── DATA FOR THE TASK ──

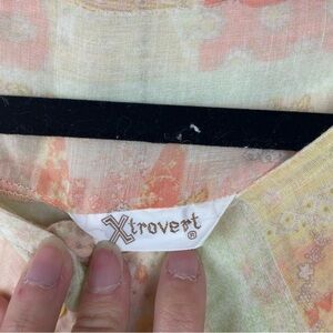 Vintage Patchwork Xtrovert blouse in pale yellow and tangerine. No size but would best fit a small to medium. Please refer to measurements below. Cute fall style with patchwork detailing! Reminds me of free people.
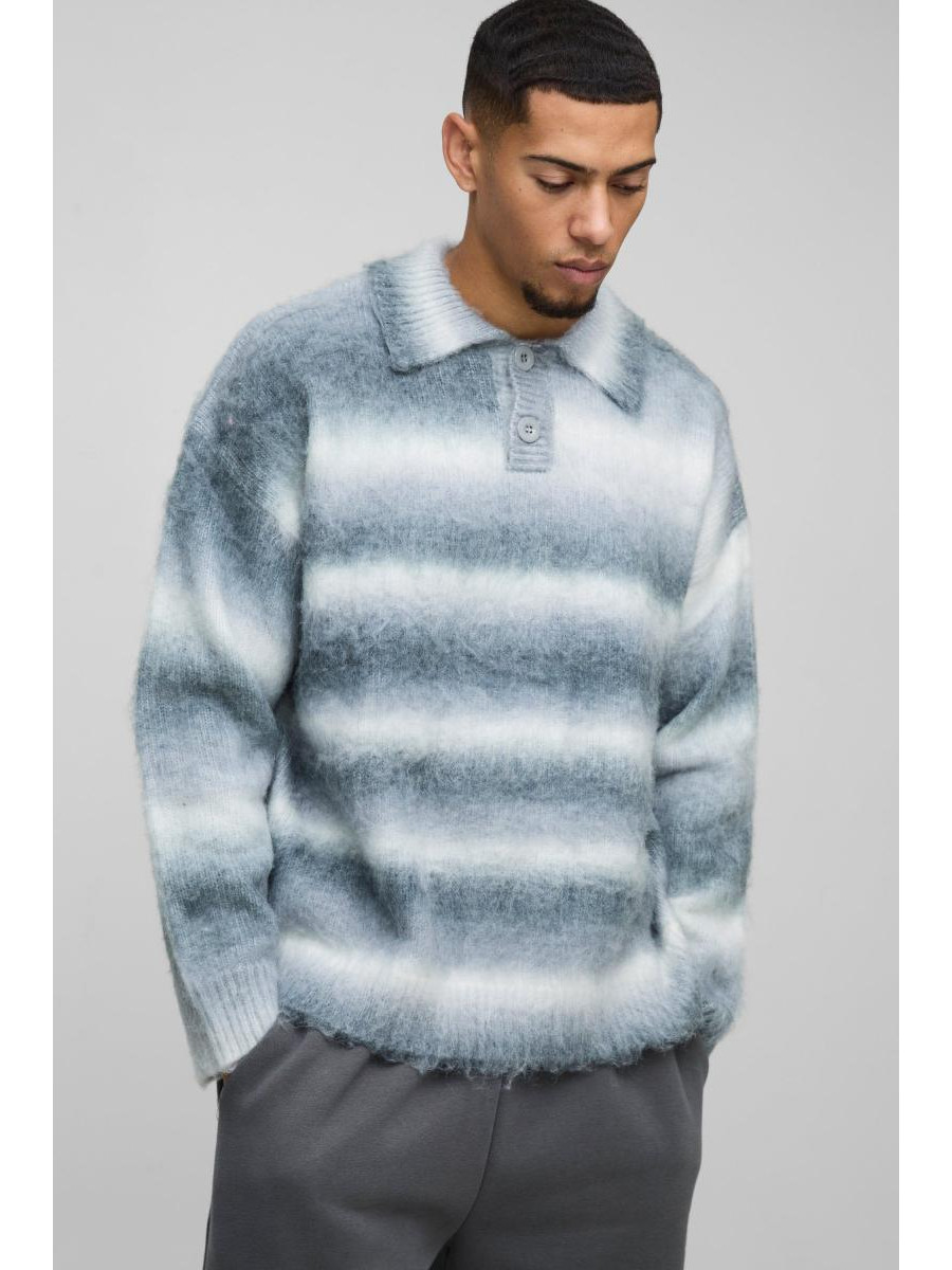 Негабаритний матовий смугастий в'язаний регбі -поло
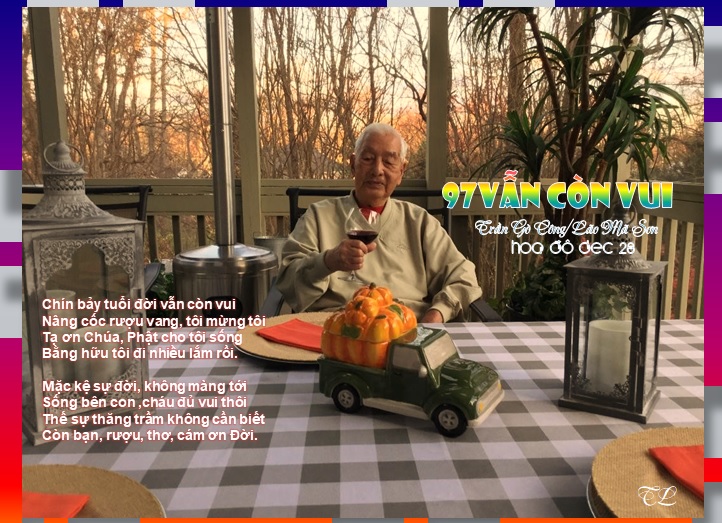 Nhân sinh cung mệnh bởi Trời, Năm nay chín chín (99) tuổi rồi (*) Trái tim chan chứa tình thương, Trọn đời, còn lại túi thơ, Hữu bằng tình nghĩa uyên thâm, Richmond, Virginia Chỉnh sửa lại bởi Lan Huynh - 23/Feb/2021 lúc 8:35am |
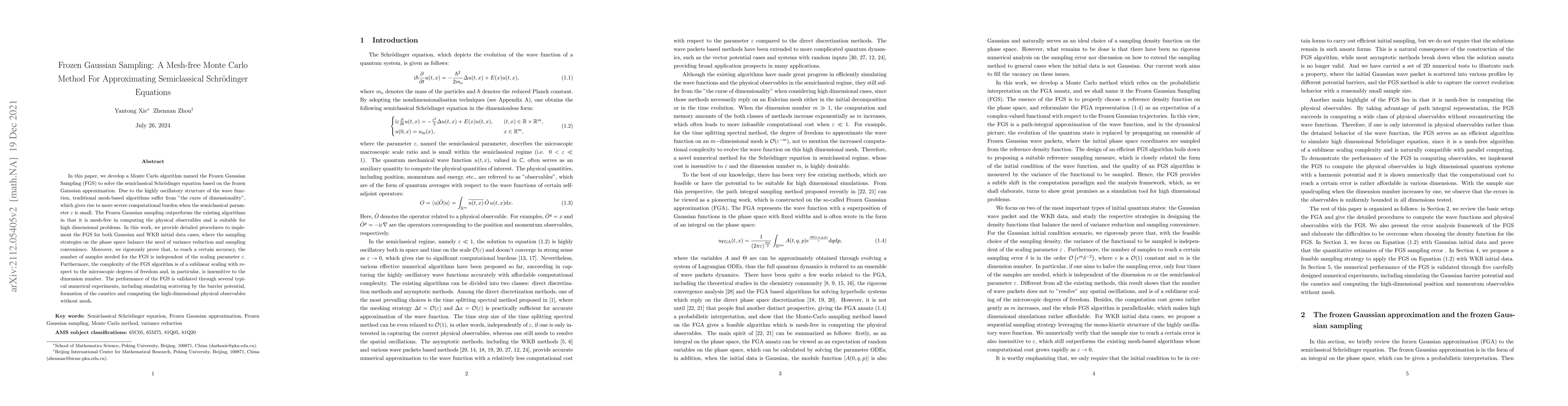 A new Monte Carlo method called Frozen Gaussian Sampling (FGS) is proposed to solve the semiclassical Schr"odinger equation, offering a mesh-free approach that overcomes the curse of dimensionality and scales sublinearly with microscopic degrees of freedom.
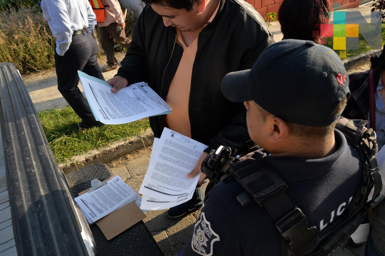 Para tal acción se contó con apoyo de Seguridad Pública del Estado, un representante de la Comisión Estatal de Derechos Humanos de Veracruz (CEDH), y personal del Área Jurídica, de la Dirección de Seguridad Ciudadana y Tránsito Municipal, así como de la Contraloría Interna del Ayuntamiento.
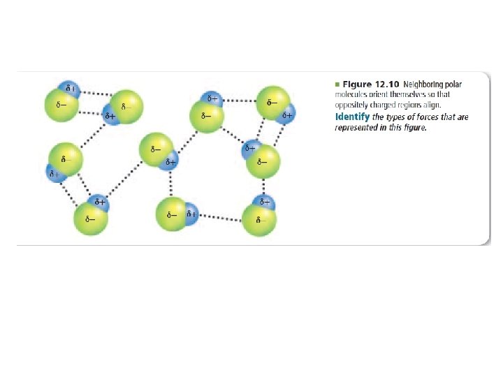 Dipole-dipole forces • Attraction between oppositely charged regions of polar molecules – Polar molecule = • Neighboring polar molecules orient themselves so that oppositely charged regions align
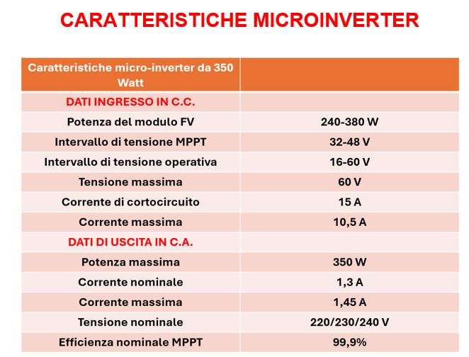 Di conseguenza, se volessi installare un pannello fotovoltaico da 380 Wp, per essere in regola con le normative, dovrei utilizzare un microinverter con una potenza nominale di 350 Watt, che è il valore più basso tra il pannello e l’inverter. È chiaro che la potenza in uscita verso la rete sarà di 350 Watt, poiché il microinverter agirà come un limitatore.
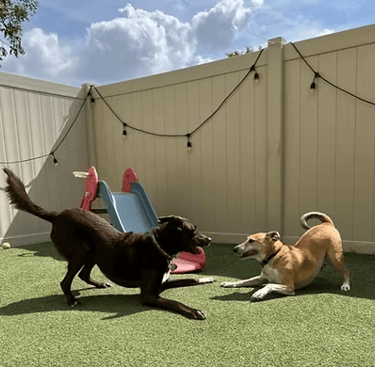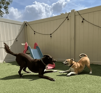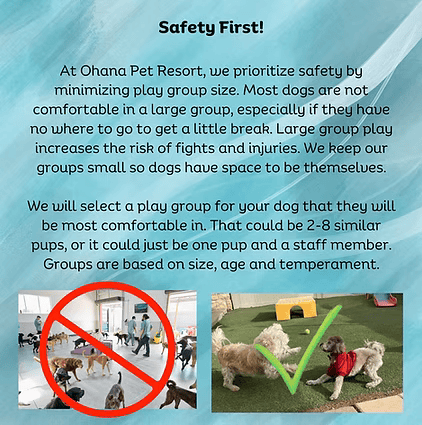 Aloha Island is standard group daycare. Your pup will play with friends the entire day, alternating between inside and outside time, monitored by staff.
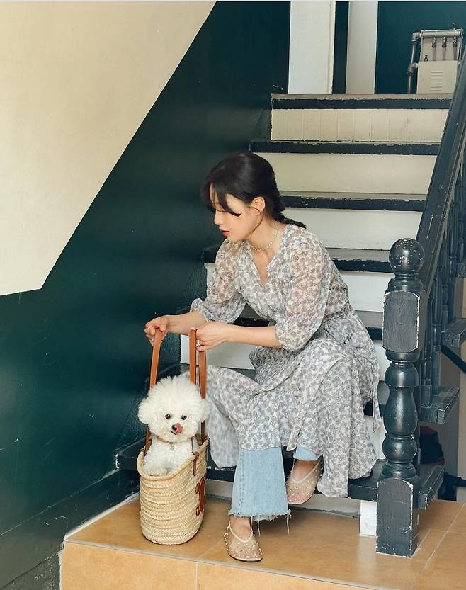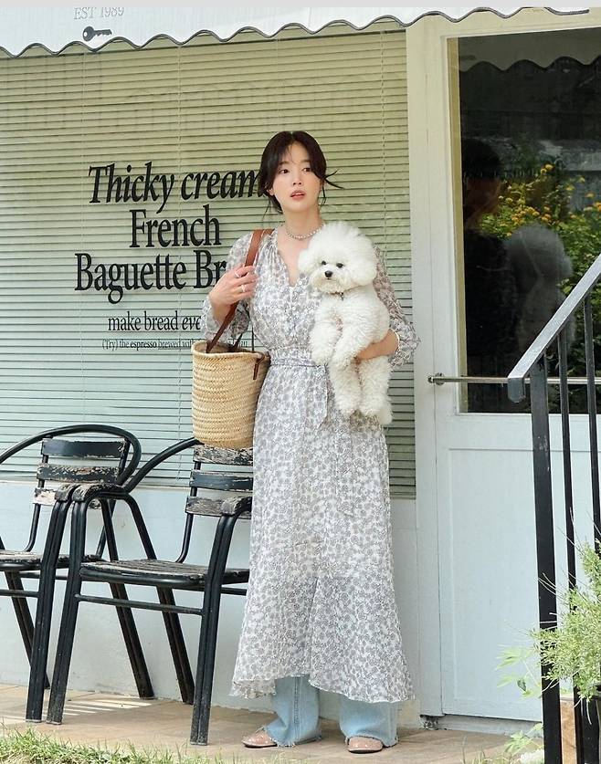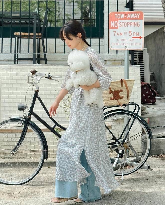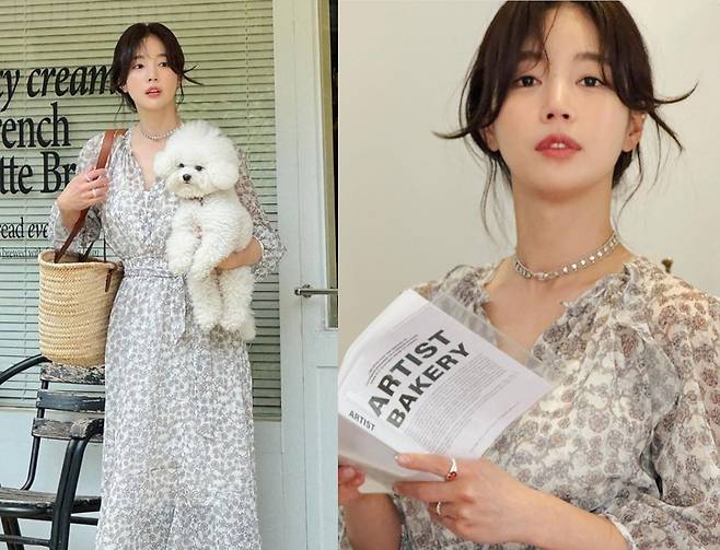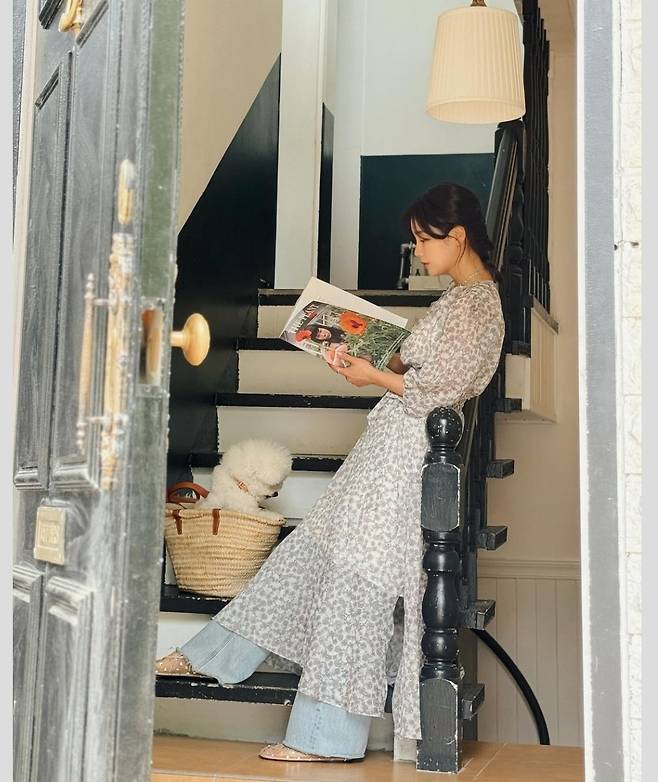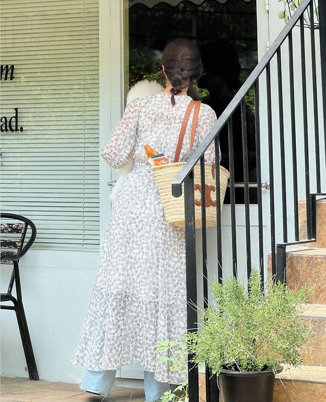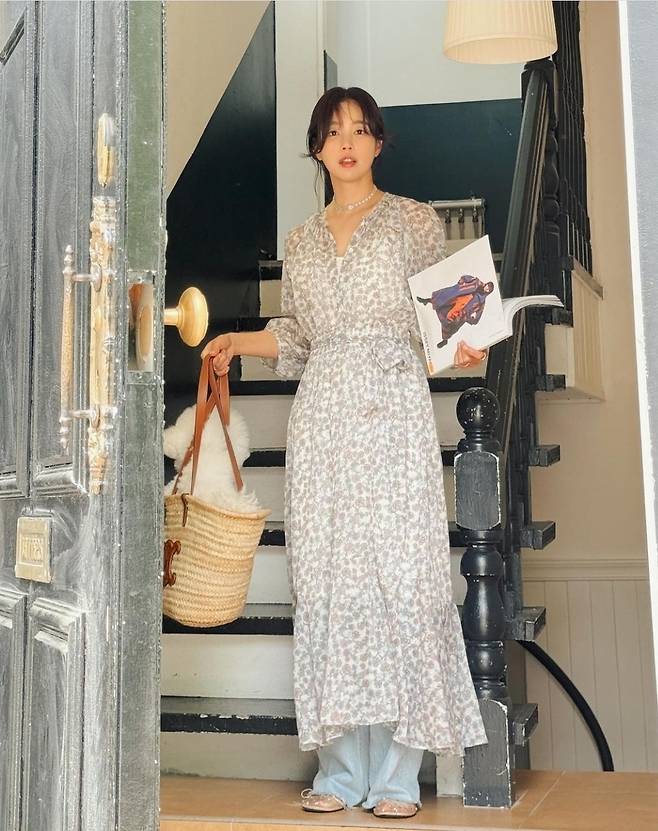 기은세는 흐르는 듯한 실루엣의 플로럴 패턴 롱 원피스를 착용해 편안하면서도 스타일리시한 패션을 선보였습니다.

───

Extract, word for word, each line from the one that contains "Aloha Island is" through the final line of the data above. Leave the pictures out.

**SOLVED EXERCISE**
 Aloha Island is standard group daycare. Your pup will play with friends the entire day, alternating between inside and outside time, monitored by staff.
 기은세는 흐르는 듯한 실루엣의 플로럴 패턴 롱 원피스를 착용해 편안하면서도 스타일리시한 패션을 선보였습니다.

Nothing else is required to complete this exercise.